I'm going to be honest. RyanAir is basically the Spirit Airlines of Europe. And if you've ever flown Spirit, you know that's not a compliment. With that being said, RyanAir costs about half as much as other European airlines. Yes, you can always take a train or bus to and from your weekend destination, but that's going to add hours onto your travel time that you could spend sightseeing. For both efficiency and cost-effectiveness, choose RyanAir.
Not Splurging (At Least Once)
Whether it be taking that trip to Paris, trying the expensive restaurant you've heard raving reviews about, or buying the 100 percent Italian leather jacket you've been eyeing, everyone deserves to splurge on at least one thing during their study abroad experience. And trust me, you won't regret it. My leather jacket is probably one of my favorite pieces of clothing!
Fearing The Locals.
When studying abroad, most people avoid asking the locals questions because they're afraid they'll annoy them. In my experience, this definitely isn't the case... Unless you run up to them shouting, "English?!?" Even if you aren't fluent in their native language, a simple "scusi" or "ciao" to catch their attention goes a long way. Most locals are happy to point you in the right direction, help you find the correct train route, or recommended a good place to eat. Think about it this way; when someone visits your native state and asks for help, you're almost always willing to give it, right? The same concept applies abroad.
Getting Too Comfortable.
No matter how much your study abroad destination begins to feel like home, never forget that you're still in a foreign country and need to be aware of your surroundings. The moment you let your guard down is the moment you become vulnerable to pickpocketing and other dangerous situations. Aside from making sure your valuables aren't within easy reach, never separate yourself from the group. In other words, don't be the drunk wanderer.

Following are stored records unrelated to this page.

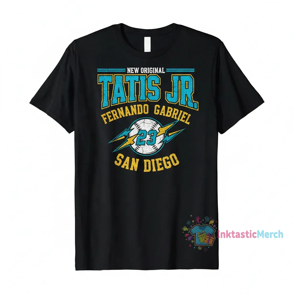 Show your love for the San Diego Padres with this exclusive Fernando Tatis Jr. & Gabriel Tatis Jr. “23” fan t-shirt, a perfect addition to any fan’s wardrobe from inktasticmerch.com. Crafted from 100% ring-spun cotton for exceptional softness and breathability, this tee boasts a modern retail fit and durable construction designed to embody team spirit and player pride.
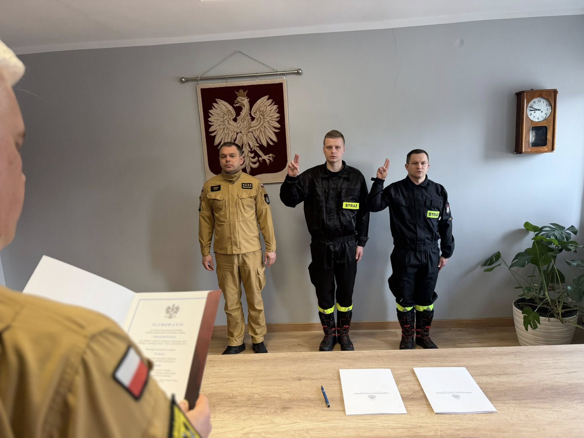 Nowo przyjętym strażakom życzymy wytrwałości w szkoleniu, odpowiedzialności w realizacji powierzonych obowiązków oraz bezpiecznej służby.
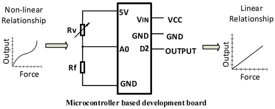 The developed electrical circuit design (Figure 18, denotes the sensing element) uses a micro controller based development board for further signal conditioning and controlling. A 10-bit Analog to Digital Converter(ADC) was utilised to obtain a voltage sensitivity of 0.0048 V. Deriving linear relation from nonlinear outputs taken from sensor pill considering loading condition and hysteresis errors was implemented in the system using a micro controller based development board. Look up table, based on experimental values would be used to obtain force sensor readings from the sensor which also mitigated the nonlinearity of the sensor.
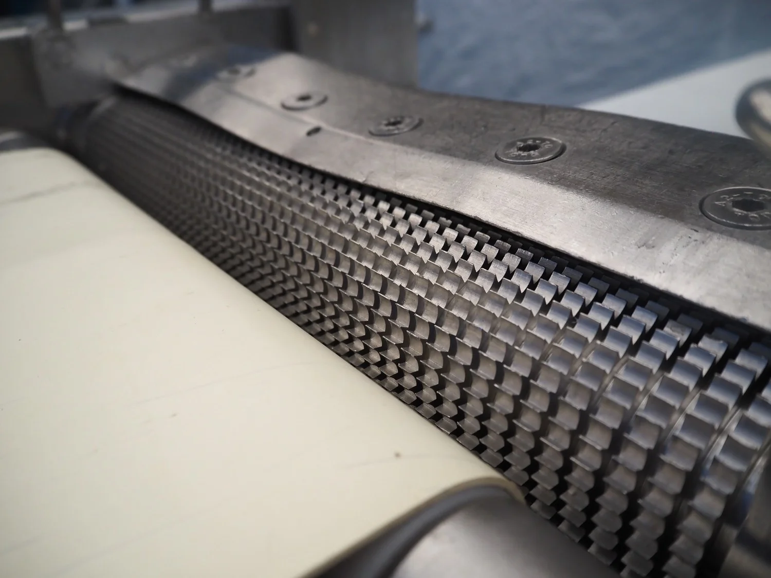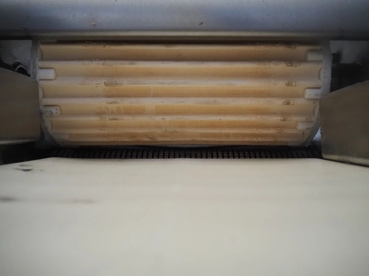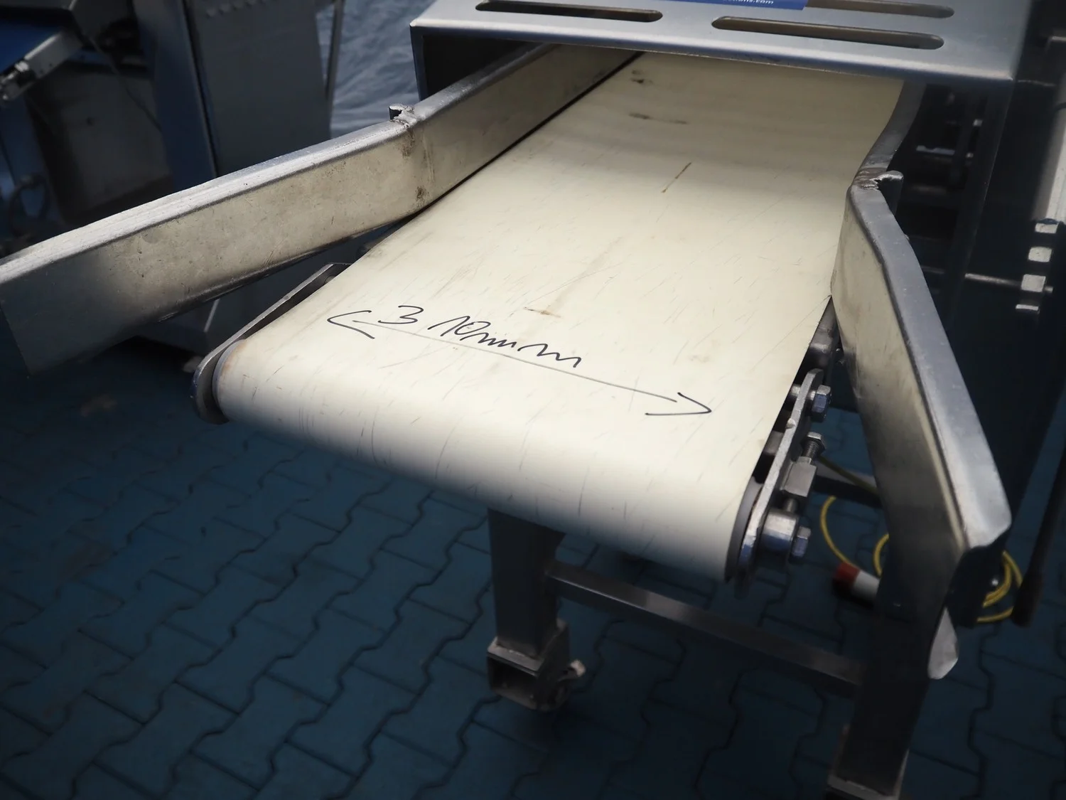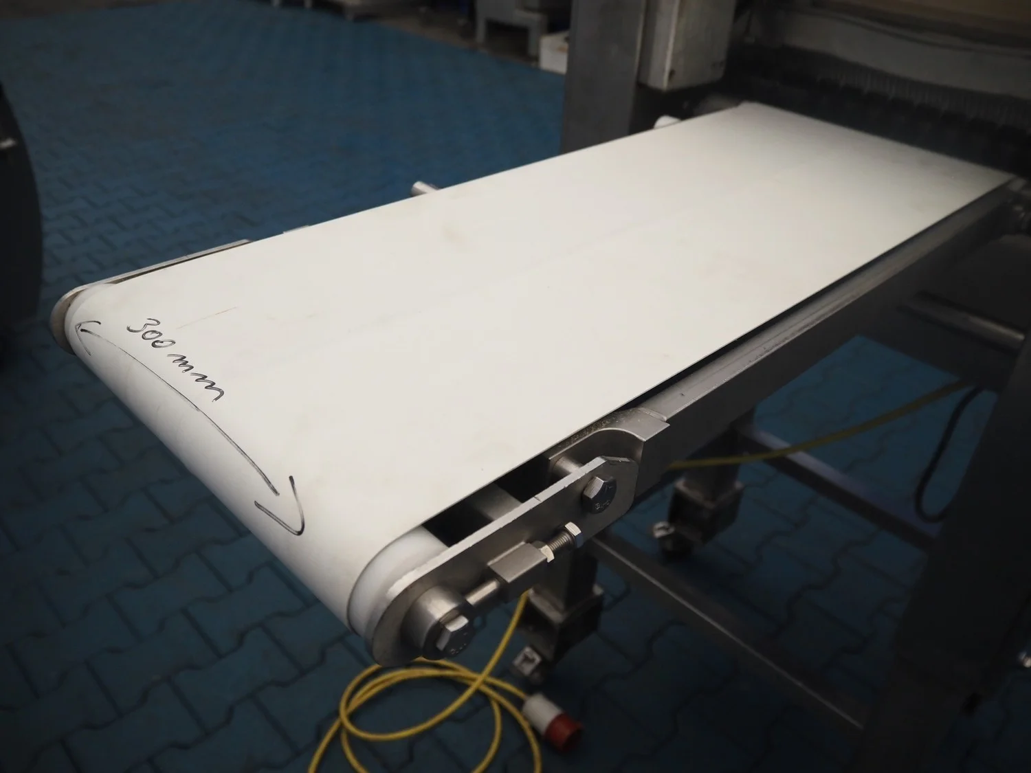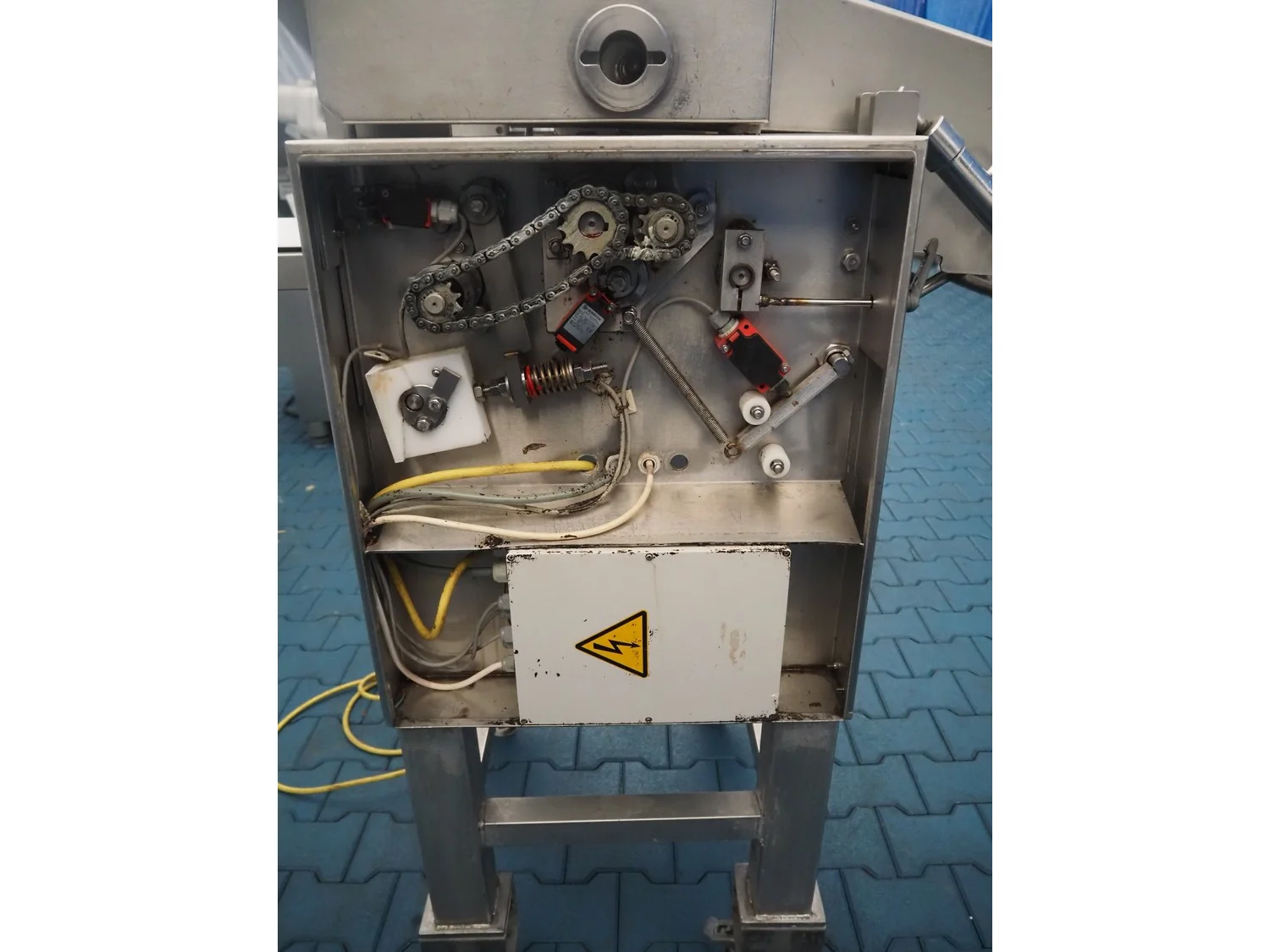 Weber mobile skinning and derinding machine, type: ASB 600, number: 1730, 400 V, 50 Hz, 0.85 kW, working width: 400 mm, plastic belt, belt width: 320 mm, total dimensions: 1800 mm x 800 mm x 1500 mm.

Avoiding All "Touristy" Things.
I know wearing those audio players and walking around with a huge group looks awful, but I promise you'll miss out if you don't go on a guided tour in each new place you visit. Your study abroad program will most likely include a handful of scheduled tours. Take advantage of them! Weekend trips with companies include many tours as well. Yes, sometimes they seem to drag on. However, I probably would've missed half of the things my tour guides pointed out had I visited places like the Vatican and Coliseum myself and I definitely wouldn't have appreciated cities like Pompeii and Barcelona as much if didn't know about their history.
Regardless of whether or not you end up making these same mistakes, you're going to have the time of your life. Studying abroad is a huge learning experience and the blunders are part of what makes it so memorable. And while missing a flight or getting lost might seem like a big deal at the time, once you get home you'll probably forget it ever happened.